First quarter rates decreased by an average of 3.7 percent. Large accounts decreased at -4.6 percent, followed by medium-sized accounts at -4.4 percent and small accounts at -2.1 percent.
“Carriers were working hard not to lose their renewals. [They were] trying to put accounts to bed early if they could before they hit the market,” a surveyed West Coast broker said.
The decline in rates was consistent across most lines, with the exception of commercial auto, which increased 3.6 percent in the first quarter and has been increasing steadily since the third quarter of 2011.
“Auto was the only line pushing (and obtaining) rate increases. But there are still some competitive carriers who were writing auto because they were confident in their pricing,” a Florida broker said. Another Southeast broker said that auto is getting difficult to place with loss activity.

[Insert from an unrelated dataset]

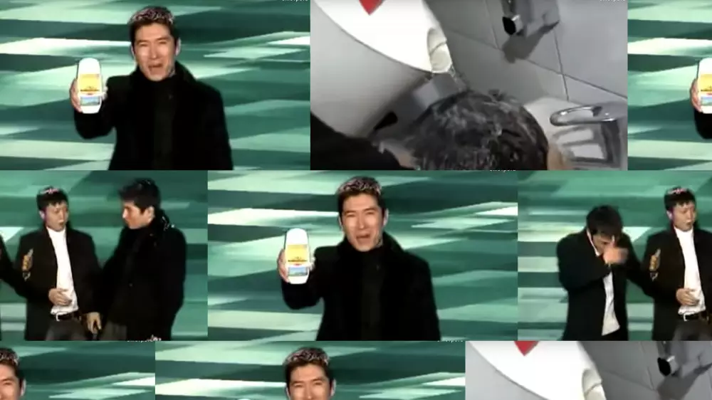 В "рекламе" выдуманного шампуня "Жумайсынба" (дословный перевод - "не помоешь ли?") молодой человек рассказывает, как "чудо-средство" помогло ему избавиться от перхоти и теперь он "может спокойно здороваться с братками и радоваться жизни".

Directors & Officers Liability and Employment Practices Liability lines also saw a very slight uptick in rates of 0.2 percent and 0.7 percent respectively.
“While rates have been down, our members have told us that the market has increased capacity across the board and for coastal property coverage, particularly in the Southeast region,” said Crerar. “We have been fortunate to have quiet hurricane seasons the last few years but there is a lot of concern that these new markets will retreat after the first major loss event.”

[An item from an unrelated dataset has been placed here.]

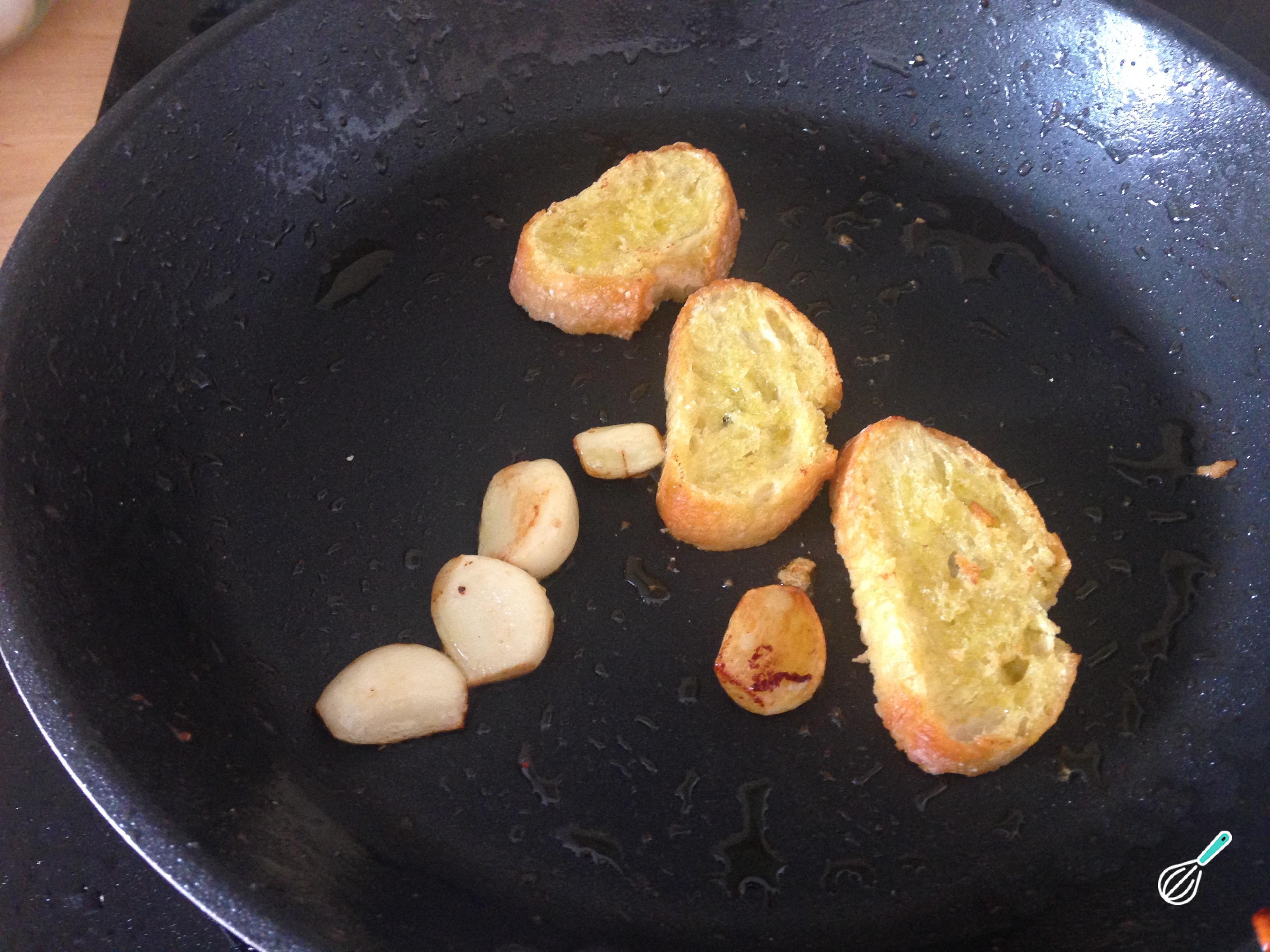 Na mesma panela, frite 3 fatias de pão sem retirar o alho. Adicione mais azeite se necessário.

While the increased capacity has kept rates low, buyers have shown interest in purchasing additional coverages such as cyber, according to the survey.
Looking ahead, some see the price decreases coming to an end soon.
A spring report from Willis Towers Watson said that the pricing declines are beginning to slow down, raising the likelihood that companies will experience some price increases in various commercial lines of insurance in the coming year.
“At the macro-level, the market remains stable and pricing is still considered soft, but we may be starting to see the bottom end of that softening,” said Matt Keeping, head of broking for North America, Willis Towers Watson.
CIAB survey respondents were asked to name the top developments in the industry that they believe have and will impact their business. They cited the following:
- The economy
- The price of oil
- Carrier and broker consolidation
- Cyber—risks and educating producers and clients
- Recruiting and retaining talent
“The continued impact of crude oil prices and the trajectory of the global economy weighed on our members’ sentiment at the start of 2016,” said Crerar. “Elevated economic volatility is likely to continue but our members are positive about the opportunities that lay before them to make up for the effects of the oil downturn felt most intensely by brokers in the last quarter of 2015.”